**ABOUT THIS EXERCISE**
The expected output is the full data, repeated exactly, without pictures.

**THE DATA**
[Start of section]
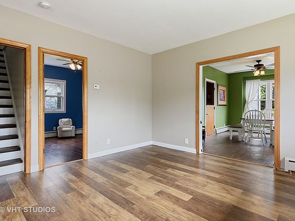 All the work has been done for you! Impressive 3 bedroom 2 bath historic home, known locally as 'Doc's house', is centrally located in the charming town of Hebron. Contractor owned and updated in the living areas and behind the walls. Filled with natural light and freshly painted inside and out, this classic home has updated hardwood and tile floors throughout. Two nicely-sized bedrooms upstairs, and the option for a first floor master suite. Separate dining area with built in china cabinet is adjacent to the expansive living space. The kitchen offers plenty of storage and counter space, plus many new stainless steel appliances. All of the plumbing inside the house has been updated, as well as all first floor electrical. The laundry room has been conveniently relocated upstairs and includes large capacity washer and dryer. The bathrooms have been increased to include two full, updated baths. The new fence and patio create a private sanctuary in the large backyard. Listing includes separate PIN for garage and shared driveway. The detached two car garage is heated and equipped with electrical. All of this and so much more! A must see!
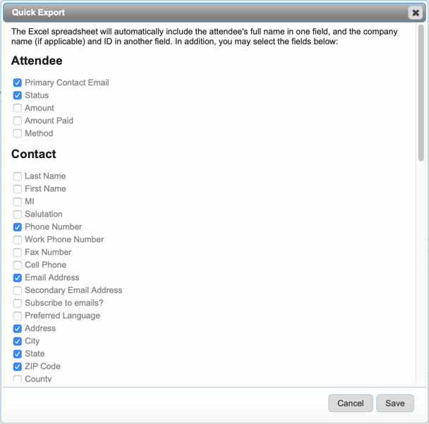 Clicking the Excel icon allows you to specify which contact and/or client fields you want included in your export:
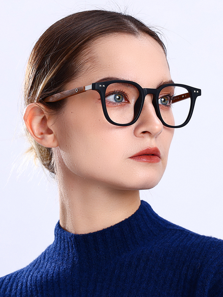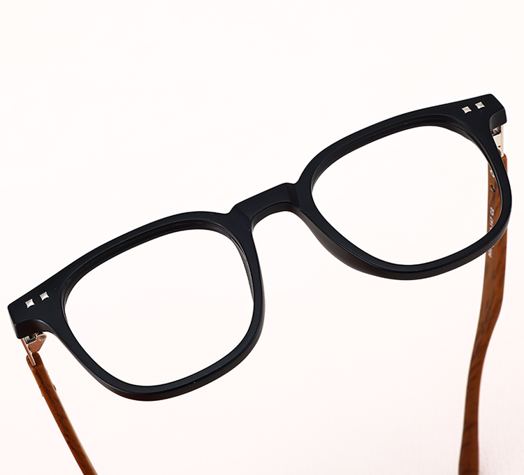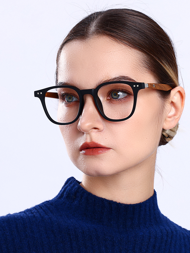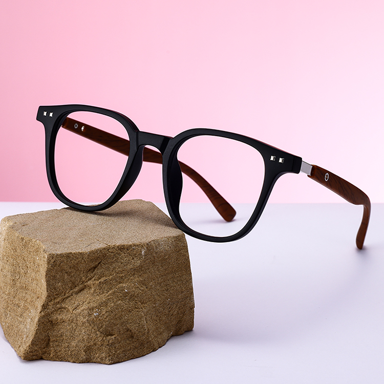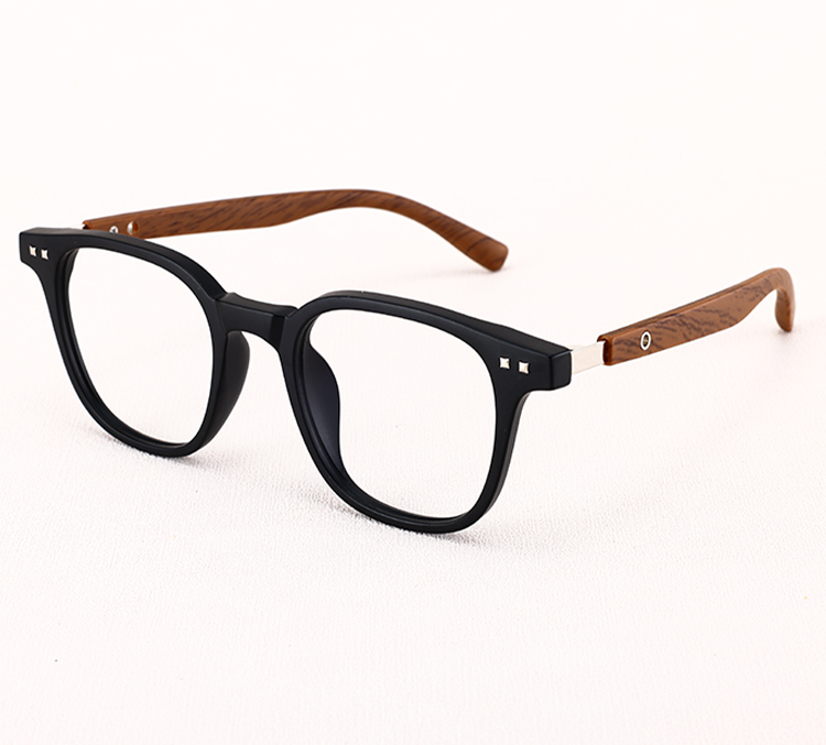 Wood-grain temples add a refined, textured finish.
[End of section]
**EXERCISE RESPONSE**
 All the work has been done for you! Impressive 3 bedroom 2 bath historic home, known locally as 'Doc's house', is centrally located in the charming town of Hebron. Contractor owned and updated in the living areas and behind the walls. Filled with natural light and freshly painted inside and out, this classic home has updated hardwood and tile floors throughout. Two nicely-sized bedrooms upstairs, and the option for a first floor master suite. Separate dining area with built in china cabinet is adjacent to the expansive living space. The kitchen offers plenty of storage and counter space, plus many new stainless steel appliances. All of the plumbing inside the house has been updated, as well as all first floor electrical. The laundry room has been conveniently relocated upstairs and includes large capacity washer and dryer. The bathrooms have been increased to include two full, updated baths. The new fence and patio create a private sanctuary in the large backyard. Listing includes separate PIN for garage and shared driveway. The detached two car garage is heated and equipped with electrical. All of this and so much more! A must see!
 Clicking the Excel icon allows you to specify which contact and/or client fields you want included in your export:
 Wood-grain temples add a refined, textured finish.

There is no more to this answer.